### Try it:
Images should be omitted while the rest of the data is duplicated exactly.

(Stored items from a collection)
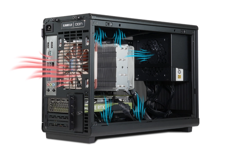ミニPCは、小型ゆえに冷却性能が非常に気になるところ。実際、かつての小型PCは、発熱を防ぐために、性能を抑えることが一般的でした。しかし、現在では、CPUクーラーやPCケースの進化もあり、小型筐体でもしっかりエアフローを確保し、性能を犠牲にすることなく、高水準の冷却性能を実現しています。
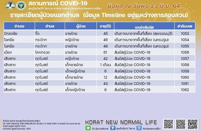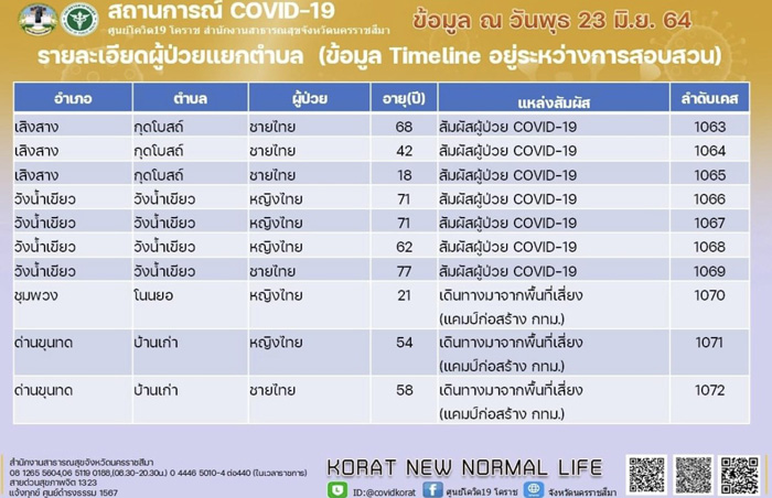 กลับมาพุ่งอีก!โคราชยอดผู้ป่วยโควิดเพิ่มรวดเดียว 20 รายสะสมทะลุ 1,000คน เตรียมทบทวนมาตรการผ่อนปรน
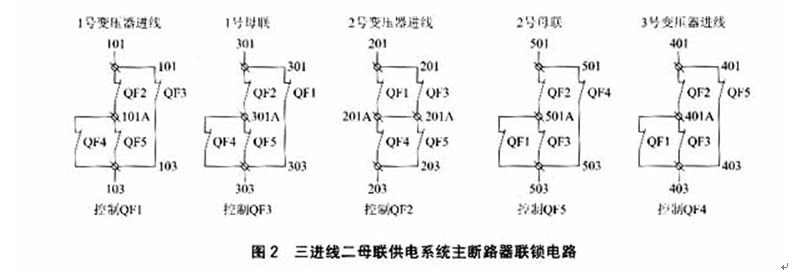 三进线二母联供电系统的联锁电路比较复杂,5个回路主断路器相互关联,反复联锁。
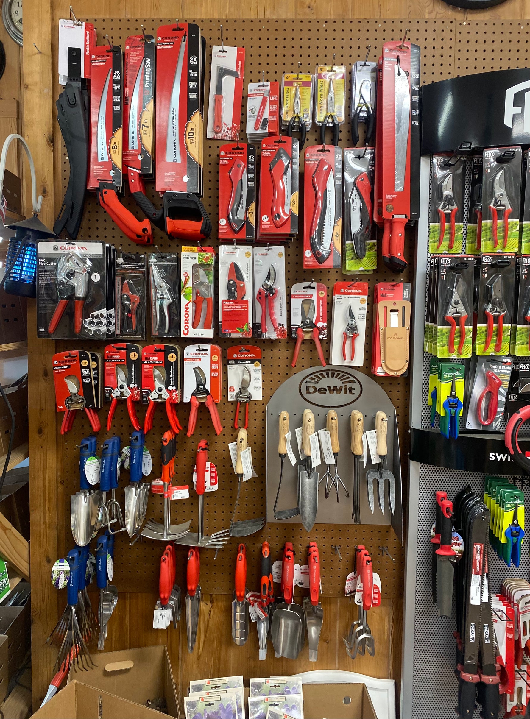 This well-stocked display features high-quality hand tools from trusted brands like Corona, Felco, and DeWit, perfect for home gardeners and professionals alike:
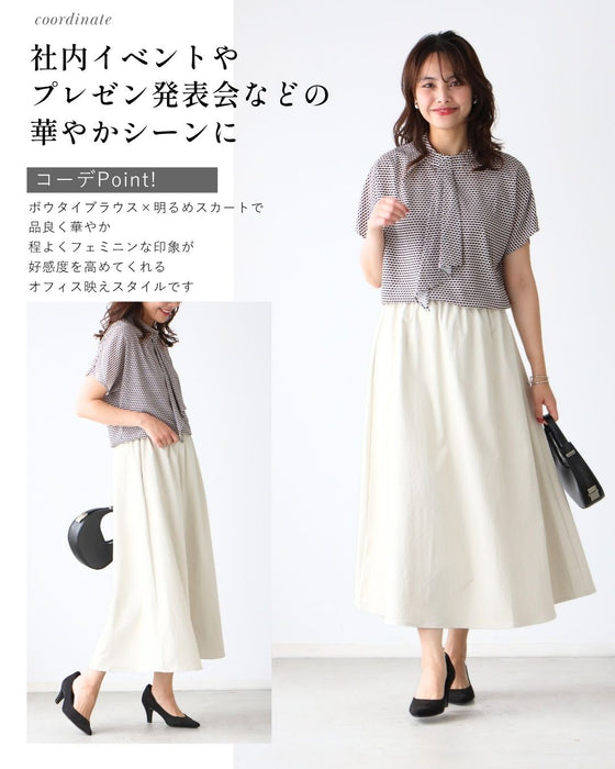 ボウタイブラウス×明るめスカートで品良く華やか。程よくフェミニンな印象が好感度を高めてくれるオフィス映えスタイルです。
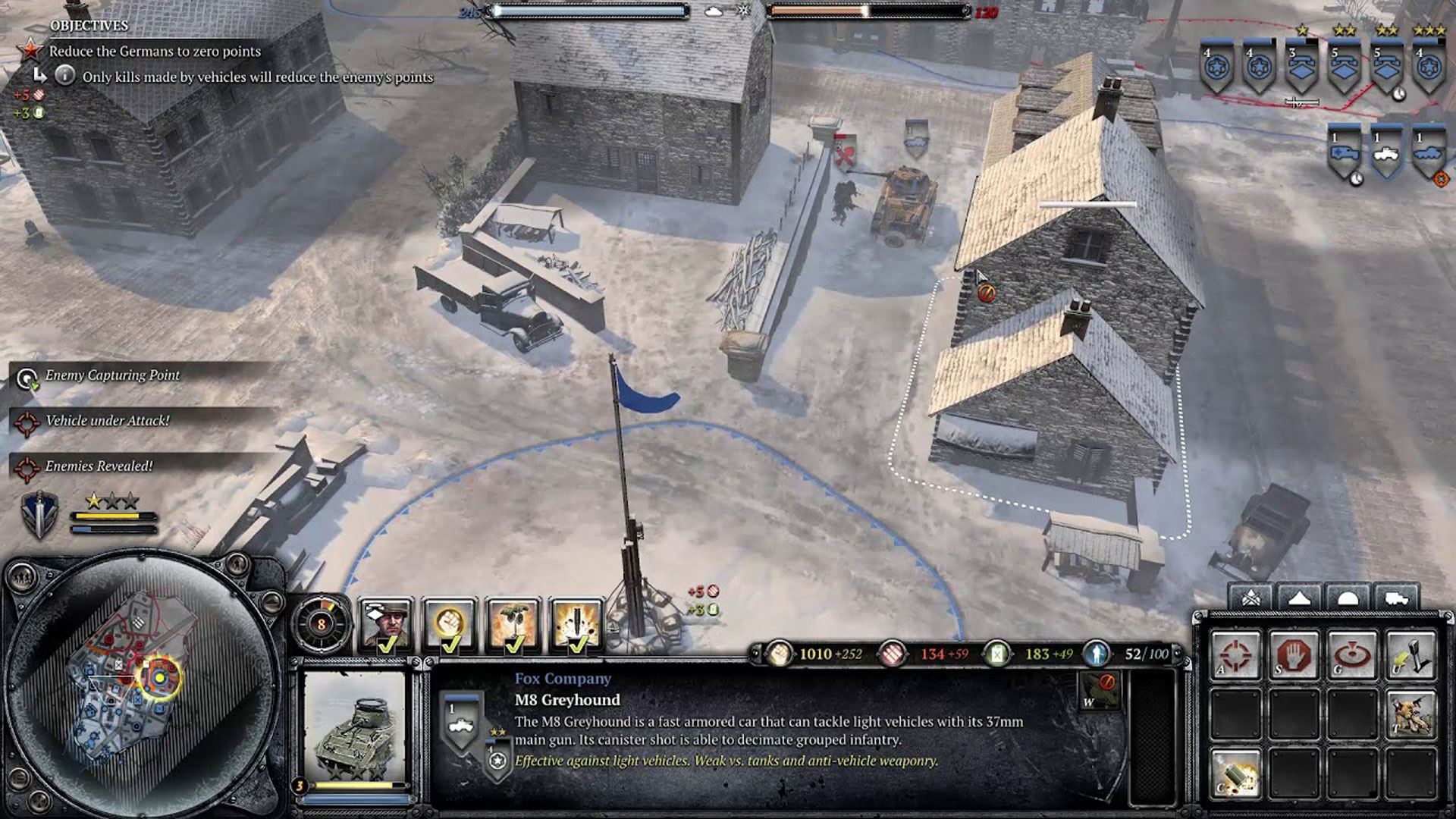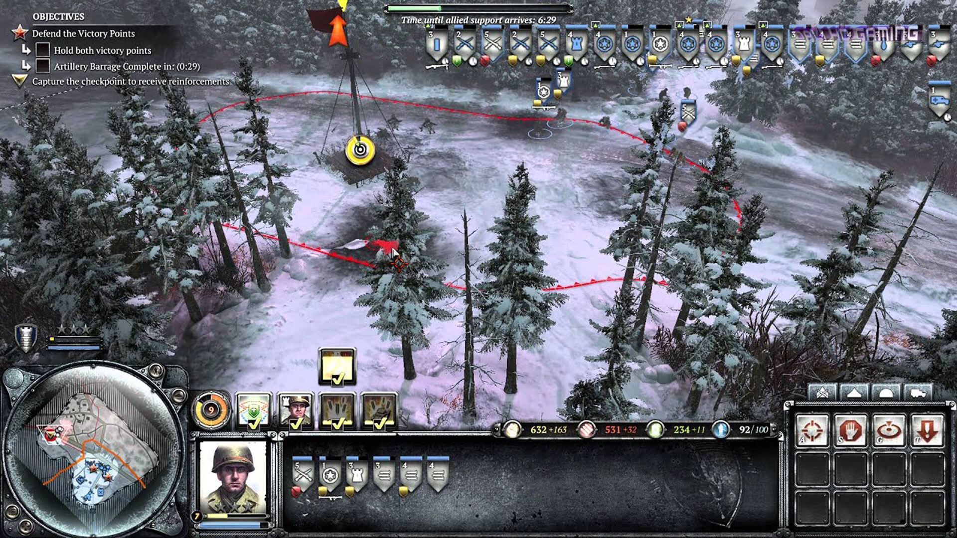اکثر ارتشها میتوانند برای افزایش درآمد سوخت یا مهمات از این نقاط، انبارهایی بسازند، اگرچه برخی از نقاط درآمد بالاتری از یک ماده تولید میکنند، اما نمیتوانند روی آنها انباری داشته باشند. به جای اینکه واحدهای سرباز در واقع در نقطه پرچمدار جمع شوند، در صورتی که واحدهای بازیکن در داخل یک منطقه خاص و بدون واحدهای دشمن در همان منطقه باشند، میتوان آن نقطه را تصرف کرد. اگر بازیکنان نقاط مختلف پرچمدار را در سراسر نقشه ثبت کنند، انباشت این منابع و اندازه ارتش بازیکن می تواند بسیار سریعتر باشد. برای اینکه یک بازیکن از مزایای یک نقطه تسخیر شده بهره مند شود، باید بخشی از یک منطقه پیوسته از قلمرو تصرف شده باشد، بنابراین اجازه می دهد یک زنجیره ناگسستنی ("خط تامین") متصل به ستاد مرکزی باشد. بنابراین، در صورتی که طرف مقابل قلمرویی را که نقاط متعلق به سایر بخشهای متحد در نقشه را جدا میکند ("قطع") کند، مصرف منابع محدود میشود. از نیروی انسانی برای ساخت واحدهای مشترک استفاده می شود و هر چه ارتش بازیکن بزرگتر شود، مقدار آن کاهش می یابد.
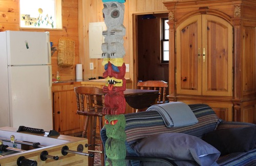 Hike the trails, ride the scenic Railroad or take a ride on a glider! For whitewater rafting, go for a thrill on the Ocoee River, or take a scenic float down the Hiwassee River gorge. All a short distance from house! Or you can “hangout” by the pool, soak in the hot tub! The game room boasts a foosball table, video games, and other diversions, ensuring there's something for everyone to enjoy. Venture outside to the balcony, fire pit, and outdoor play area, where you can soak up the sun, roast marshmallows, or let the kids and pets can burn off energy! The Hangout consist of two structures separated by the pool. Main house features a large living room, dinning room and completely stocked kitchen. One bedroom and full bath along with laundry room on main level. The upstairs is large master bedroom, full bath and an futon in alcove for extra guest. Across from main house is separate structure with a downstairs game room, equipped with ping pong table, air hockey along with several board games. Also has full refrigerator, bar sink, half bath. Also provides a queen bed and futon. Great place to open the windows and fall asleep to the sounds of crickets and frogs! The upstairs has two queen beds, one single along with sitting area, tv, coffee maker, mini fridge and full bath. Plenty of outdoor spaces to spread out or gather!
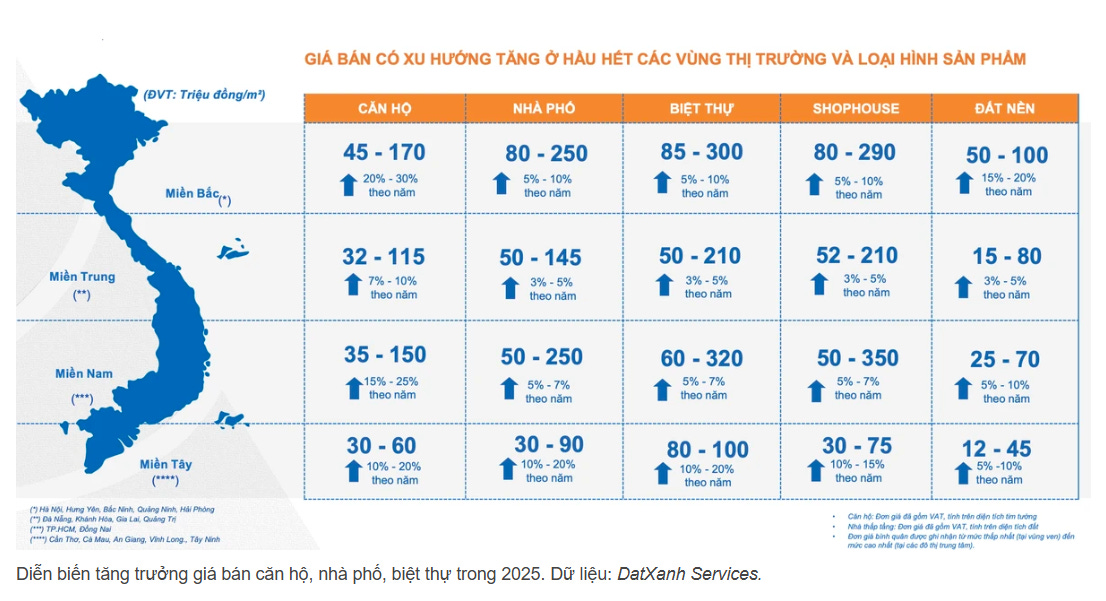 Kịch bản này không chỉ diễn ra ở một nơi. Nó lặp lại nhiều nơi khác nhau trong năm 2025, kéo giá nhà cuối năm tăng 40-70% so với cùng kỳ năm 2024 tùy theo vị trí.
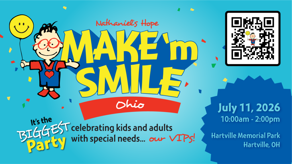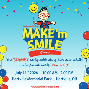 CAPTION: The biggest-known party celebrating VIP Kids of all ages with special needs and their families, is coming July 11, 2026! Join the fun and festivities featuring food, games, exhibits, a friendship stroll, live performances and more! Sponsors and volunteers are needed! INFO: https://nathanielshope.org/our-programs/make-m-smile/ohio/ or email:[email protected].
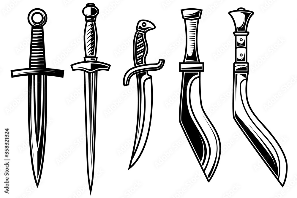 Stenska nalepka Set of illustration of daggers in engraving style
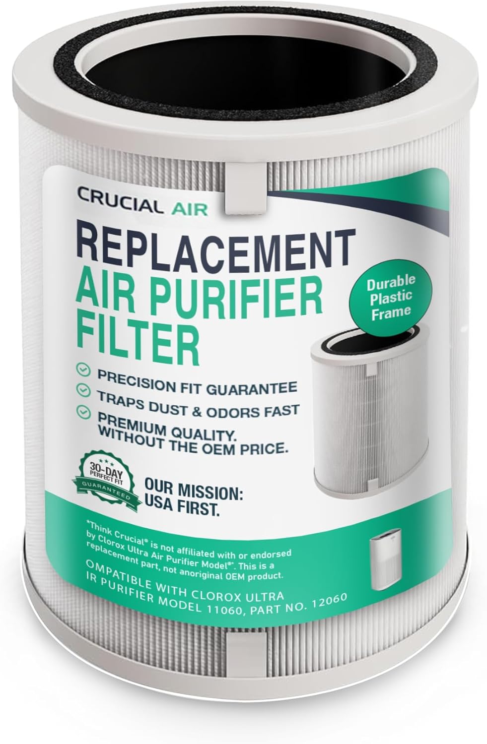 Think Crucial Replacement HEPA filter Compatible with Clorox Ultra Air Purifier Model 11060, XL Rooms up to 2,220 sq ft, Part # 12060, High-Efficiency Advanced Filtration Air Purification (1-Pack)
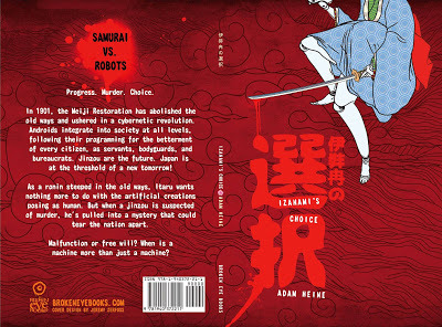 Izanami's Choice is my samurai, sci-fi novella set in a Meiji-era Japan that has adopted androids and other ridiculously advanced technology. Here's an excerpt:

### Task result:
ミニPCは、小型ゆえに冷却性能が非常に気になるところ。実際、かつての小型PCは、発熱を防ぐために、性能を抑えることが一般的でした。しかし、現在では、CPUクーラーやPCケースの進化もあり、小型筐体でもしっかりエアフローを確保し、性能を犠牲にすることなく、高水準の冷却性能を実現しています。
 กลับมาพุ่งอีก!โคราชยอดผู้ป่วยโควิดเพิ่มรวดเดียว 20 รายสะสมทะลุ 1,000คน เตรียมทบทวนมาตรการผ่อนปรน
 三进线二母联供电系统的联锁电路比较复杂,5个回路主断路器相互关联,反复联锁。
 This well-stocked display features high-quality hand tools from trusted brands like Corona, Felco, and DeWit, perfect for home gardeners and professionals alike:
 ボウタイブラウス×明るめスカートで品良く華やか。程よくフェミニンな印象が好感度を高めてくれるオフィス映えスタイルです。
اکثر ارتشها میتوانند برای افزایش درآمد سوخت یا مهمات از این نقاط، انبارهایی بسازند، اگرچه برخی از نقاط درآمد بالاتری از یک ماده تولید میکنند، اما نمیتوانند روی آنها انباری داشته باشند. به جای اینکه واحدهای سرباز در واقع در نقطه پرچمدار جمع شوند، در صورتی که واحدهای بازیکن در داخل یک منطقه خاص و بدون واحدهای دشمن در همان منطقه باشند، میتوان آن نقطه را تصرف کرد. اگر بازیکنان نقاط مختلف پرچمدار را در سراسر نقشه ثبت کنند، انباشت این منابع و اندازه ارتش بازیکن می تواند بسیار سریعتر باشد. برای اینکه یک بازیکن از مزایای یک نقطه تسخیر شده بهره مند شود، باید بخشی از یک منطقه پیوسته از قلمرو تصرف شده باشد، بنابراین اجازه می دهد یک زنجیره ناگسستنی ("خط تامین") متصل به ستاد مرکزی باشد. بنابراین، در صورتی که طرف مقابل قلمرویی را که نقاط متعلق به سایر بخشهای متحد در نقشه را جدا میکند ("قطع") کند، مصرف منابع محدود میشود. از نیروی انسانی برای ساخت واحدهای مشترک استفاده می شود و هر چه ارتش بازیکن بزرگتر شود، مقدار آن کاهش می یابد.
 Hike the trails, ride the scenic Railroad or take a ride on a glider! For whitewater rafting, go for a thrill on the Ocoee River, or take a scenic float down the Hiwassee River gorge. All a short distance from house! Or you can “hangout” by the pool, soak in the hot tub! The game room boasts a foosball table, video games, and other diversions, ensuring there's something for everyone to enjoy. Venture outside to the balcony, fire pit, and outdoor play area, where you can soak up the sun, roast marshmallows, or let the kids and pets can burn off energy! The Hangout consist of two structures separated by the pool. Main house features a large living room, dinning room and completely stocked kitchen. One bedroom and full bath along with laundry room on main level. The upstairs is large master bedroom, full bath and an futon in alcove for extra guest. Across from main house is separate structure with a downstairs game room, equipped with ping pong table, air hockey along with several board games. Also has full refrigerator, bar sink, half bath. Also provides a queen bed and futon. Great place to open the windows and fall asleep to the sounds of crickets and frogs! The upstairs has two queen beds, one single along with sitting area, tv, coffee maker, mini fridge and full bath. Plenty of outdoor spaces to spread out or gather!
 Kịch bản này không chỉ diễn ra ở một nơi. Nó lặp lại nhiều nơi khác nhau trong năm 2025, kéo giá nhà cuối năm tăng 40-70% so với cùng kỳ năm 2024 tùy theo vị trí.
 CAPTION: The biggest-known party celebrating VIP Kids of all ages with special needs and their families, is coming July 11, 2026! Join the fun and festivities featuring food, games, exhibits, a friendship stroll, live performances and more! Sponsors and volunteers are needed! INFO: https://nathanielshope.org/our-programs/make-m-smile/ohio/ or email:[email protected].
 Stenska nalepka Set of illustration of daggers in engraving style
 Think Crucial Replacement HEPA filter Compatible with Clorox Ultra Air Purifier Model 11060, XL Rooms up to 2,220 sq ft, Part # 12060, High-Efficiency Advanced Filtration Air Purification (1-Pack)
 Izanami's Choice is my samurai, sci-fi novella set in a Meiji-era Japan that has adopted androids and other ridiculously advanced technology. Here's an excerpt:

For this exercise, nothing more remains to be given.